- **What is being asked**: The lines below, from the one containing "Hi everyone, I" through the one containing "Può essere utile", should be set down exactly, with no pictures and nothing else.

+++ Available data +++

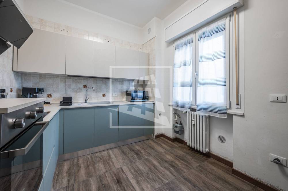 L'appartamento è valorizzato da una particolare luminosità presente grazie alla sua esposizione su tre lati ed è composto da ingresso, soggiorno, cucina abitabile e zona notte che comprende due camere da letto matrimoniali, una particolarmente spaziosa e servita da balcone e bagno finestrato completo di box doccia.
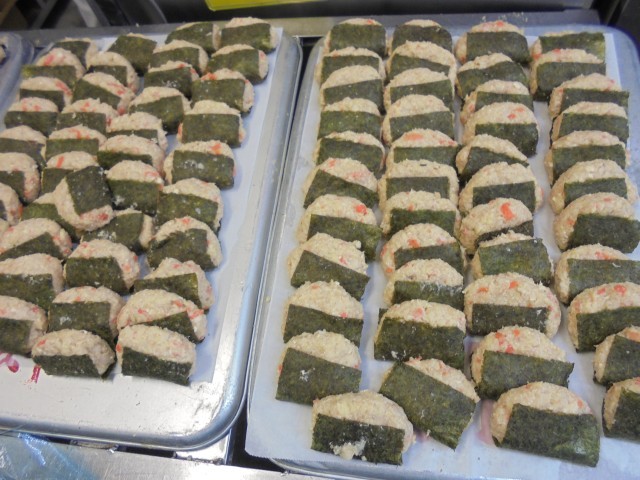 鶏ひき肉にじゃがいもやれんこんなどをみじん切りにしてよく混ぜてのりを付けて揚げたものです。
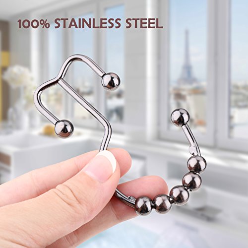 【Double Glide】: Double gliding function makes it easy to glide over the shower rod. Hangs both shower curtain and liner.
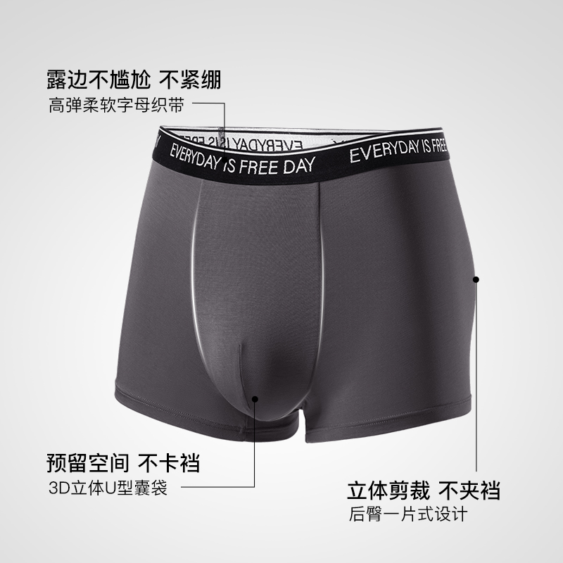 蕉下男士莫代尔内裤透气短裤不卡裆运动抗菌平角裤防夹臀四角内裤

+++
+++ Available data +++

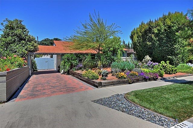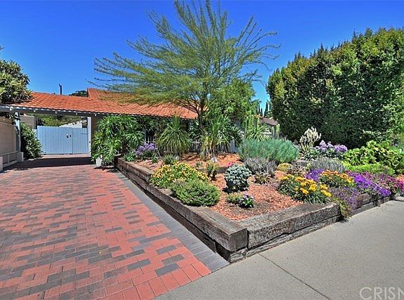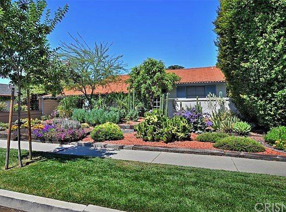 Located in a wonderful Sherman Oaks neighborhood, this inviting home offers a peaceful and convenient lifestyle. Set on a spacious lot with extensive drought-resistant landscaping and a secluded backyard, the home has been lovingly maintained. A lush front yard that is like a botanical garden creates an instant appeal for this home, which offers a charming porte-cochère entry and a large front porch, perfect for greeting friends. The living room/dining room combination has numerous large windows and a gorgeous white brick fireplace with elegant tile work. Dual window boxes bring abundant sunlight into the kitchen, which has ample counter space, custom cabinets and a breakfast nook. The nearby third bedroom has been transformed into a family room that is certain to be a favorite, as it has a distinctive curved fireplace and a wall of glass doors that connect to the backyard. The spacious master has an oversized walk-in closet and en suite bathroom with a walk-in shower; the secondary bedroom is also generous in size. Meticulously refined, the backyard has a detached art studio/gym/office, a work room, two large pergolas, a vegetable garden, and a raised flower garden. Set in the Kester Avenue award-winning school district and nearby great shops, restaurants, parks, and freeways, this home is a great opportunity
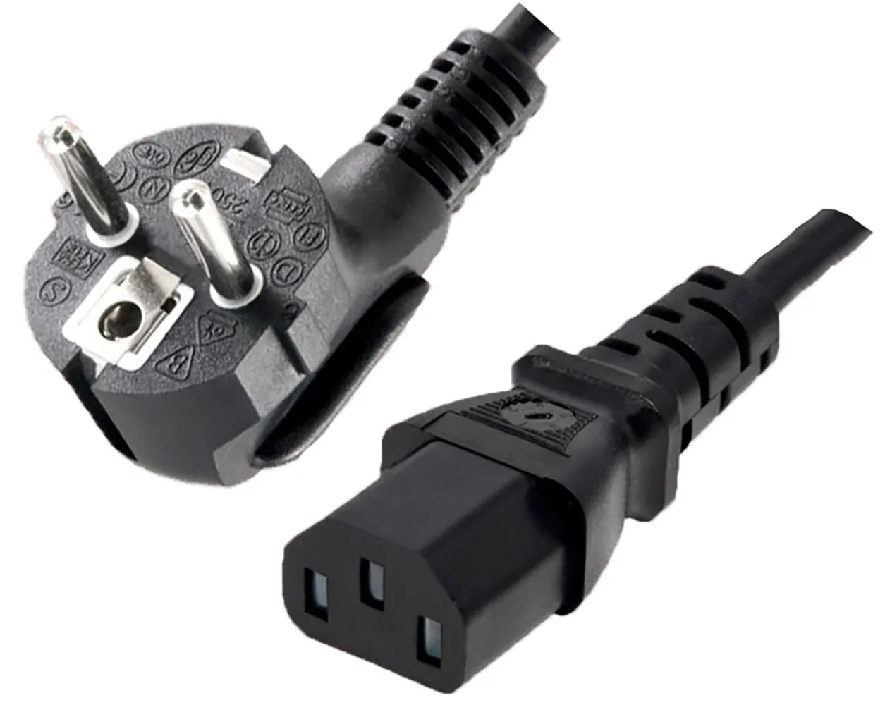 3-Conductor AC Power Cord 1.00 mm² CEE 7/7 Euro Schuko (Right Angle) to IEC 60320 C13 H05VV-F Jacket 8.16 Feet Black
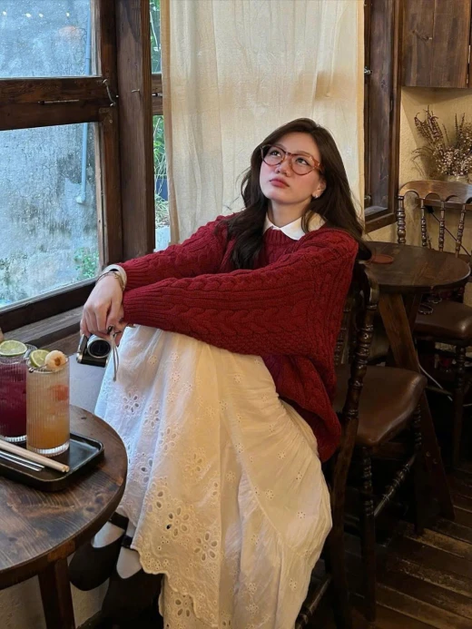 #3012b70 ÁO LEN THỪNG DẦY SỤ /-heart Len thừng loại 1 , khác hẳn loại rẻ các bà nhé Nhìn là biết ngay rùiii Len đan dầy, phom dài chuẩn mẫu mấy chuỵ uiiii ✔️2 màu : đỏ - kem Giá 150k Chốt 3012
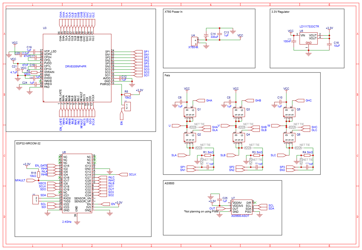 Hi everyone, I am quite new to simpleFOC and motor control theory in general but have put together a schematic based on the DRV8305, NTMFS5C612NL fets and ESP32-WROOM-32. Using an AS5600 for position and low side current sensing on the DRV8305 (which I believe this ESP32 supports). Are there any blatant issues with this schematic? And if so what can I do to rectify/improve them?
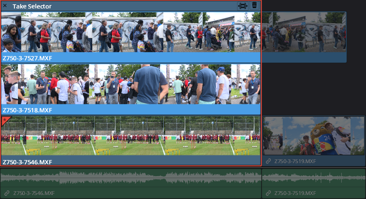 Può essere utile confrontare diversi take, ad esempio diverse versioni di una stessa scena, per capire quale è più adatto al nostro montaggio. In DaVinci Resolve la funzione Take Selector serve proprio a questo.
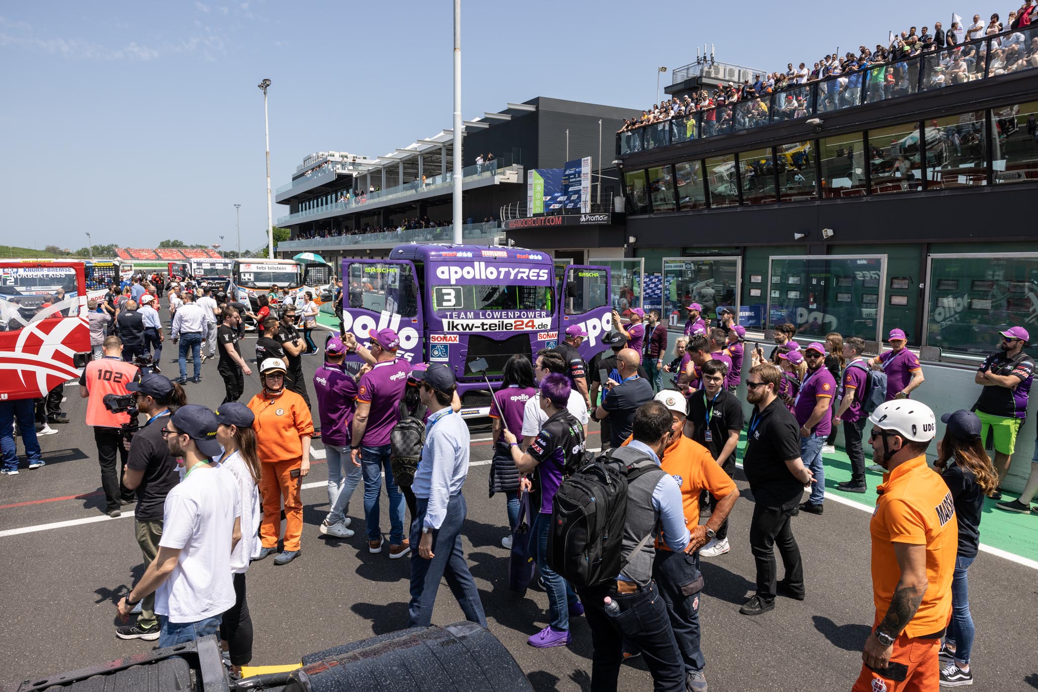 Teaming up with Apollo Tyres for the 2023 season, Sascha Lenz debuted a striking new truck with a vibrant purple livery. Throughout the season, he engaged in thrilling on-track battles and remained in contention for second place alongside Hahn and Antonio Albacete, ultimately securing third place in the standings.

+++

- **Output for this task**:
 Hi everyone, I am quite new to simpleFOC and motor control theory in general but have put together a schematic based on the DRV8305, NTMFS5C612NL fets and ESP32-WROOM-32. Using an AS5600 for position and low side current sensing on the DRV8305 (which I believe this ESP32 supports). Are there any blatant issues with this schematic? And if so what can I do to rectify/improve them?
 Può essere utile confrontare diversi take, ad esempio diverse versioni di una stessa scena, per capire quale è più adatto al nostro montaggio. In DaVinci Resolve la funzione Take Selector serve proprio a questo.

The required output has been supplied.